131 Watching God’s Receding Figure
1 Watching Your receding figure, my heart is filled with emotion. All those wondrous times with Your accompaniment flit before my eyes. You were with us day and night, expressing the truth and providing for us, planting the truth and the life in the fields of our hearts. Many times, we were hardened and rebellious, and You sternly judged, flogged, and disciplined us; only then, in return, did we repent and change. Many times, when we failed and fell, You used words to comfort and inspire us, giving us the strength and faith to stand up again. You were with us through trials and times of adversity, watching over us at every moment. Your words guided us to stand testimony. You worked Your heart out for us, doing Your best to speak utterances for us. Your words were warm and compelling, and Your love supremely considerate. So much about You is lovable, and we cannot bear for You to go. Your love, Your presence—they haunt my heart, and are so hard to forget.
2 Watching Your receding figure, my heart is filled with remorse. I never cherished the time spent with You.

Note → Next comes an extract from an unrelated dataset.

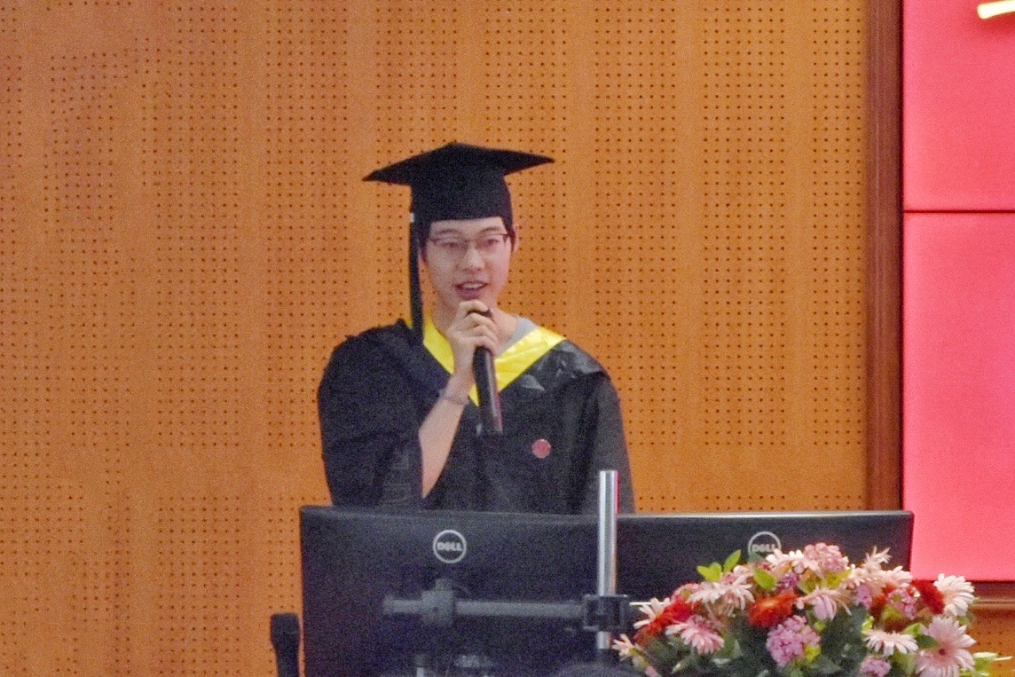 四川省优秀毕业生、2022届毕业生代表陈鹏同学代表全体毕业生发言。他细数大学生活中的点点滴滴,回顾了四年来的成长与收获,表达了对学院、同窗的感激之情。他表示将在新的征途,志存高远,砥砺前行,不负川大、学院的培养。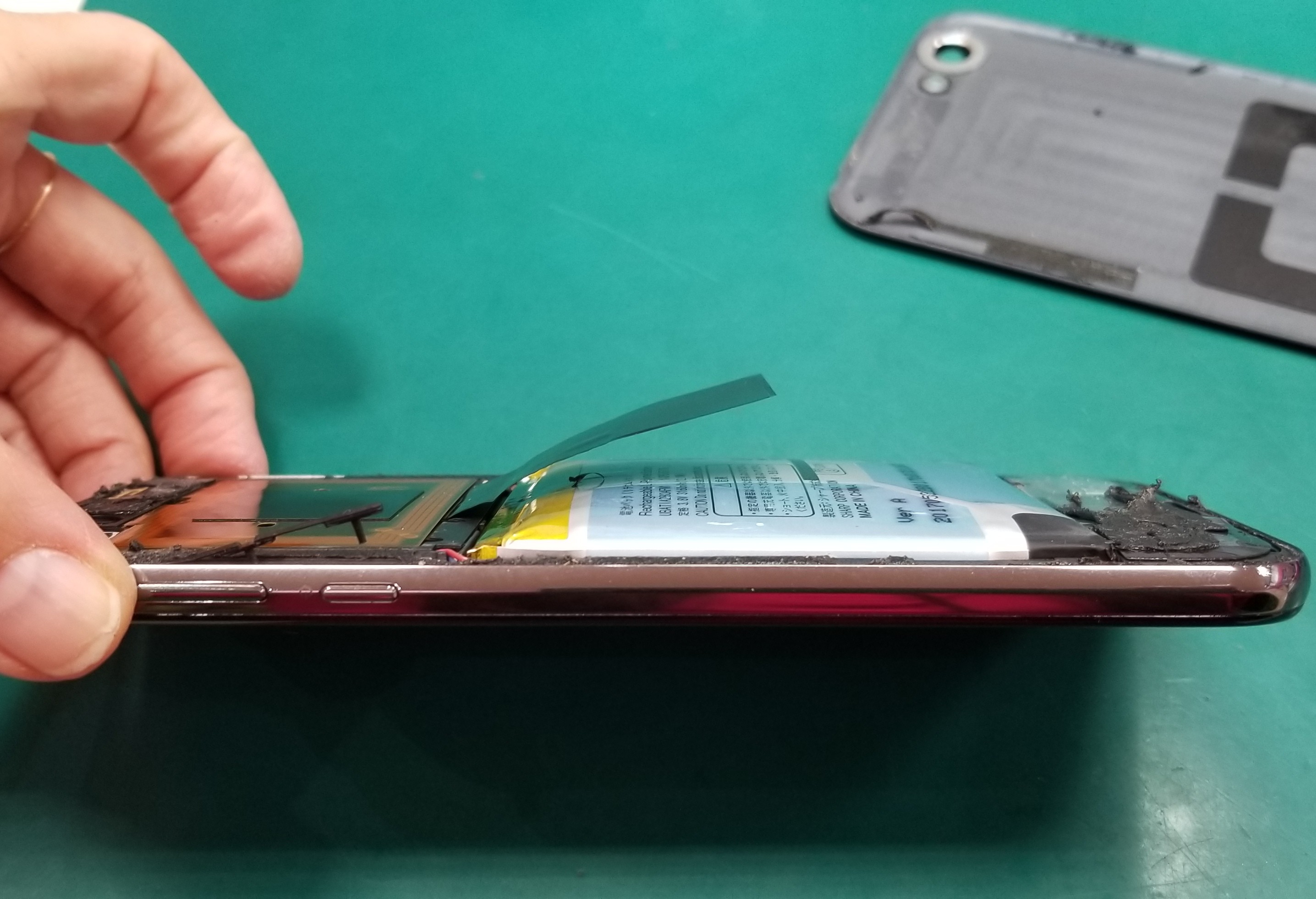 先月お預かり修理をしております AQUOS R のバッテリー交換の様子をお届けします♪

You raised me up to perform my duty, yet I sought status and reputation. Verbally, I said I loved You and was faithful to You, but deep down I thought only of my prospects and fate. I have never given You my sincerity; I have repaid You with mere perfunctory behavior and deceit. Greedy for the comforts of the flesh, I have missed so many chances to be made perfect. And now, You are about to leave, and I am stricken with grief and anxiety. I hate myself for being so numb, and for awakening too late. I resolve to seek the truth and make up for my past indebtedness. I shall cherish what time remains, and finally pledge my loyalty. Even if the path ahead is tumultuous and thick with thorns, I shall embrace these travails, following You with neither complaint nor regret. Loyally, I shall perform my duty, loving You and testifying to You. I shall give my heart over to You, in an offering of my pure love.